SAN DIEGO - In a victory for preservationists, a judge Monday affirmed his earlier tentative ruling that the San Diego City Council violated the city's municipal code when it approved a bitterly contested plan to remove cars from the center of Balboa Park.
San Diego Superior Court Judge Timothy Taylor decided there was no evidence to support a finding by the council that the project area would have no reasonable beneficial use if the plan wasn't approved. The finding was necessary because of the park's historic status.
He had found in favor of Plaza de Panama plan supporters on two other issues raised in the Save Our Heritage Organisation's suit, but his decision on the third point effectively derails the project for the moment.
In an updated ruling following oral arguments on Friday, the judge said he couldn't find in favor of the plan even after he adopted the city's interpretation of the municipal code. He said the fact that the park is heavily used shows there is a beneficial use even without the plan.
SOHO primarily objects to a proposed bridge on the west side of the park that would carry traffic around the Plaza de Panama and Plaza de California, and toward a mostly underground parking structure that would be built behind the Spreckels Organ Pavilion.
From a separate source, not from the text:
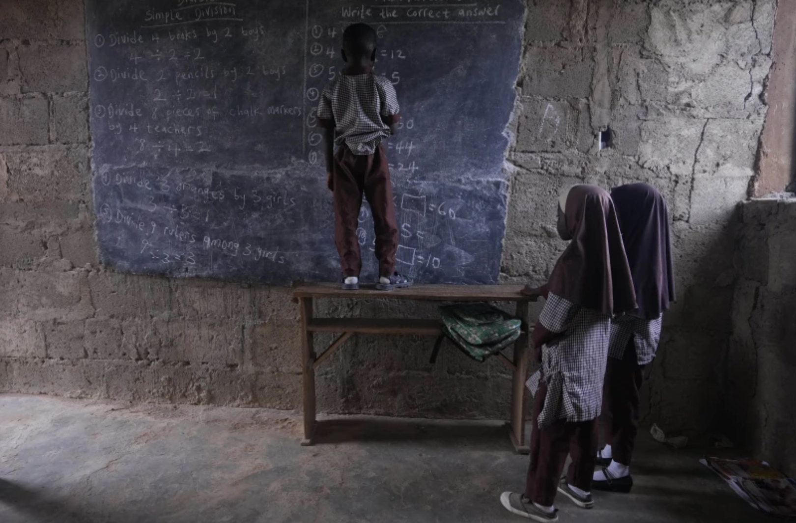 Fotografia săptămânii: Multe clădiri din Nigeria nu au acces la rețeaua națională de electricitate, ceea ce reprezintă o realitate pentru mulți elevi din această țară. În imagine, un elev de la Excelent Moral School încearcă să răspundă la o întrebare de matematică pe o tablă aflată într-o sală de clasă slab luminată din Ibadan, Nigeria, marți, 28 mai 2024. Sursă fotografie: Associated Press.

The organization contends the bridge would be unsightly and place the park's historic status in jeopardy.
SOHO otherwise agrees with the basic concept of removing vehicles from the park's core.
Bruce Coons, the executive director of the organization, said he is "extremely gratified" by the ruling.
"Balboa Park is a rare and extraordinary site, filled with history, culture and beauty," Coons said. "It would have been nothing short of a travesty to lose this treasure to a remodel better suited for an industrial park.
He said the Plaza de Panama plan would have cleared vehicles from one small area of the park while subjecting the rest of the area to "a sea" of traffic.
"The plan would have caused significant, irreparable and irreversible harm to Balboa Park's historic structures, its environment, its canyons and roadways," Coons said. "It would have paved the way for what many San Diegans believe would have led to commercialization, privatization and new construction throughout the park, severely curtailing public access and destroying forever the experience of this singular place."
The judge's ruling sets aside the City Council's approval of the project, but he conceded the issue would probably be appealed. He also said he was reluctant to make the ruling, since it could cost millions of dollars of funding put forth by Qualcomm co-founder Irwin Jacobs.
City Attorney Jan Goldsmith put a positive spin on the development, saying the ruling upheld the city's process under the California Environmental Quality Act and the vetting of the project's environmental impact report.
"We are carefully reviewing the judge's interpretation of the city's ordinance at issue and will be discussing options with our client," Goldsmith said, referring to the mayor and City Council. "At this point, we are not prepared to announce a course of action, but we expect to do so in the near future."
Mayor Bob Filner said last week he would try to get the two sides together for mediation talks after the ruling was issued. He said he believed he could accomplish the basic goal with six traffic cones.
Several park visitors expressed varying viewpoints to 10News.
"I think it would kind of destroy the historic value of this place and I think there'll be too much foot traffic," said Tossama Chiwarak.
"It might destroy how beautiful this place is. I feel like there's going to be too much construction. We should leave it the way it is."
Andy Ruhl likes the idea of more limited vehicle access.
"I think the traffic here is a bit confusing and it might be a good idea to eliminate some of the traffic anyway," he said. "It's a negative but it might be worth doing. It's very tough to start building in historic areas but you need progress as well. Progress to me seems like better pedestrian traffic."
Rosemary Kostos, however, likes the current configuration.
"We enjoy how it is now," she said. "It's easy for me with my wheelchair and accessibility. I like it the way it is."
Kostos' husband, George, agreed.
"The setup you have here works for us," he said. "We can take the wheelchair out of the car and have easy access to all the sights and museums."
Marine Sgt. Kevin Inca, who is based at Camp Pendleton, declared, "I like it as is. It's beautiful. Just look at it. Why change it?"
The plan's supporters had hoped to complete the project within two years, in time for a planned yearlong celebration of Balboa Park's 100th anniversary.